Fixed one minor typo in first line of Group-by section (added "s" to "pack").

Fixed minor typos in line about grouped? meta tag.

Added paragraph explaining that most operations apply to sub-datasets, and gave example to illustrate the idea. Moved up two lines that relate to this point. Added explanation of effect of grouping parameters on selection of rows for sub-datasets. I couldn't figure out how to describe the map from group names to indexes in the same way, so I made this item last, and gave it a different explanation. Fixed one minor typo in first line of Group-by section (added "s" to "pack"). Fixed minor typos in line about `grouped?` meta tag. Additions, changes to beginning of Group-by section Added paragraph explaining that most operations apply to sub-datasets, and gave examples to illustrate the idea. Moved up two lines that relate to this point. Added explanation of effect of grouping parameters on selection of rows for sub-datasets. I couldn't figure out how to describe the map from group names to indexes in the same way, so I made this item last, and gave it a different explanation. Fixed small typo in first line of Group-by section (added "s" to "pack"). Fixed some typos in the line about the :grouped? meta tag.

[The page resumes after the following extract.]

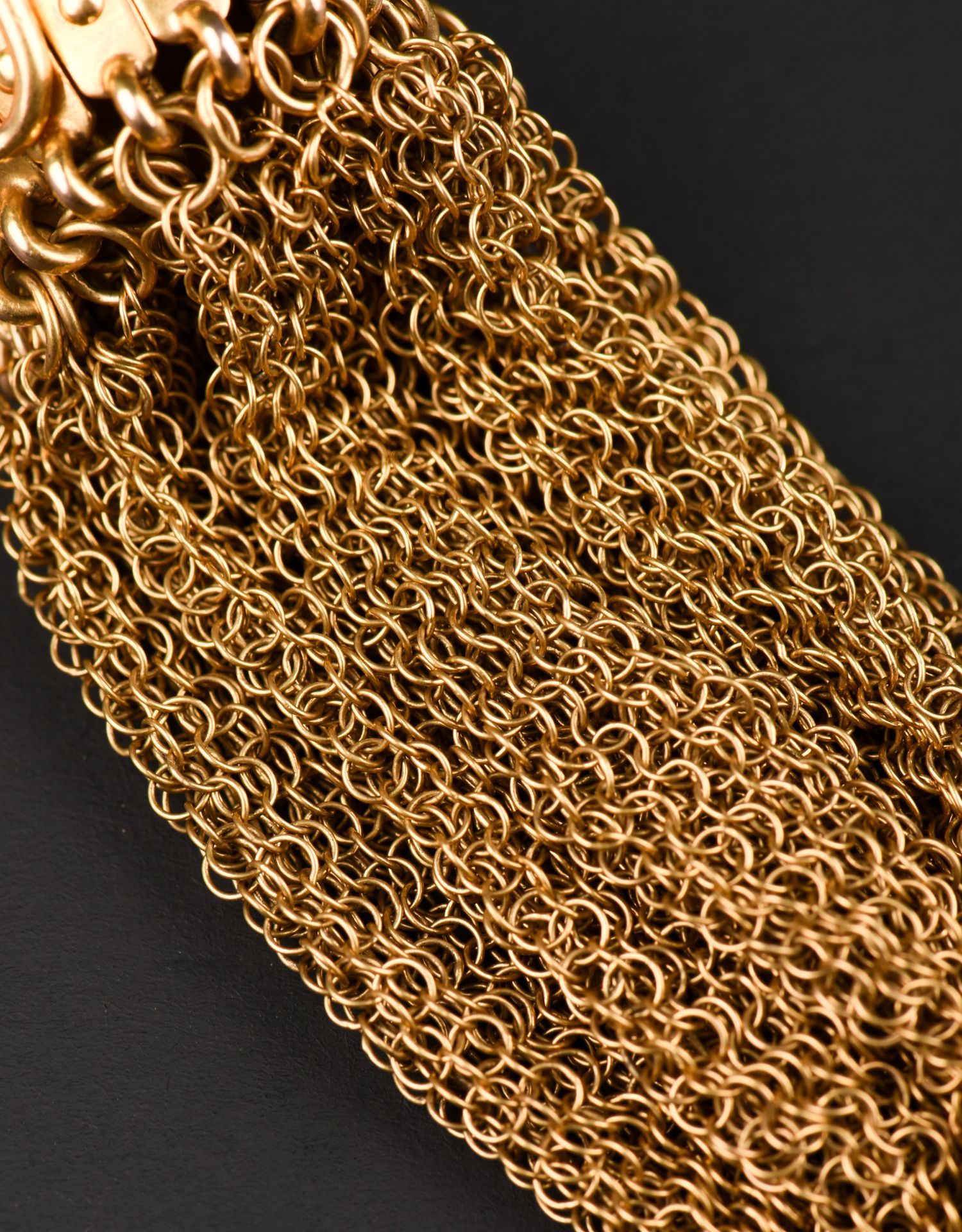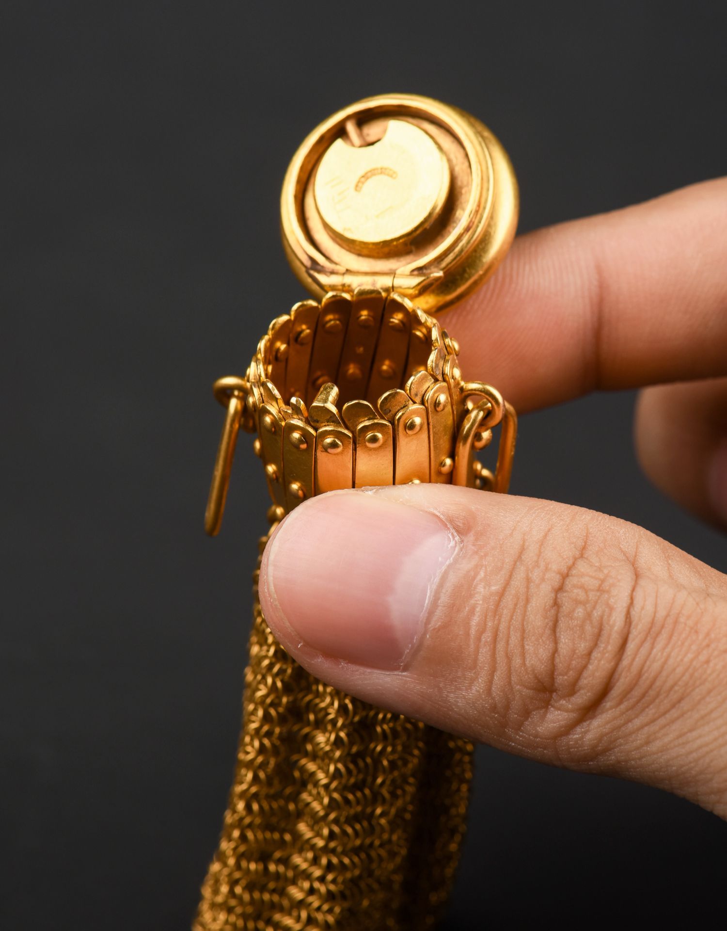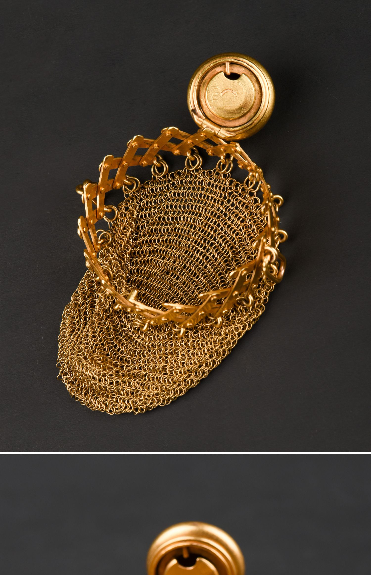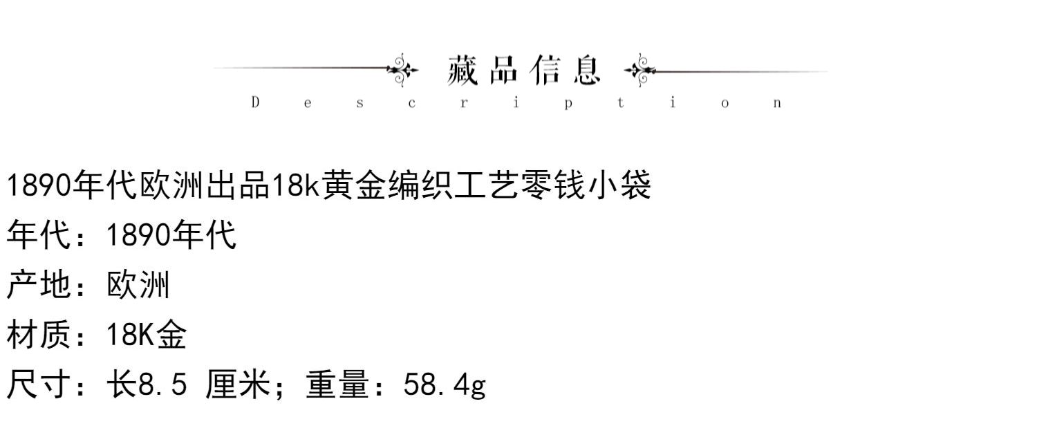 独角鹿西洋古董1890年代欧洲出品18K黄金编织工艺古董零钱袋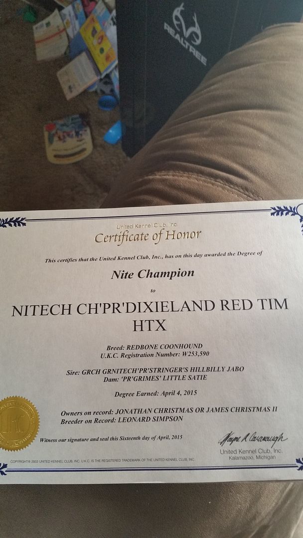 Well I ain't posted anything on here in awhile, but we have been huntin a little. I have been pushin Dixieland Red Tim pretty hard and we was able to finish him to HTX last weekend with 1 win from Springfield, Tn club, and 2 wins from Houston county club in Erin, Tn.

mars0i · 2023-10-08T21:50:40Z

The commit message contains the same text twice. Sorry about that. I'm sure there's a way to fix it, but I couldn't figure it out, and it didn't seem worth a lot of time.

genmeblog · 2023-10-08T22:10:08Z

Cool! Thanks. I'll read it tomorrow (midnight here) and let you know if it's ok.

mars0i · 2023-10-09T00:29:54Z

Great. Also, I was thinking of suggesting additions to the group-by docstring, analogous to what I did TMD's group-by (techascent/tech.ml.dataset#375), but the docstring for TC's group-by would be different, because its behavior is more complex. I thought I'd wait and see what you thought of the index.Rmd changes. I can submit a separate PR for the docstring if that seems worthwhile.

genmeblog · 2023-10-09T07:33:59Z

docs/index.Rmd

+In the case of the first three of these methods, each sub-dataset contains all and only rows from the original data set that share the same grouping value:
+
+* the value of the row in a specified single column
+* the sequence of resulting values for a sequence of column names


In this case the result is a map not a sequence.

(tc/group-by DS [:V1]) ;; => _unnamed [2 3]: ;; | :name | :group-id | :data | ;; |---------|----------:|-----------------------| ;; | {:V1 1} | 0 | Group: {:V1 1} [5 4]: | ;; | {:V1 2} | 1 | Group: {:V1 2} [4 4]: |

Ah, I didn't realize that. I'll fix it. (I mixed up that case with an example in which I used a function that returned a sequence, which is of course different.)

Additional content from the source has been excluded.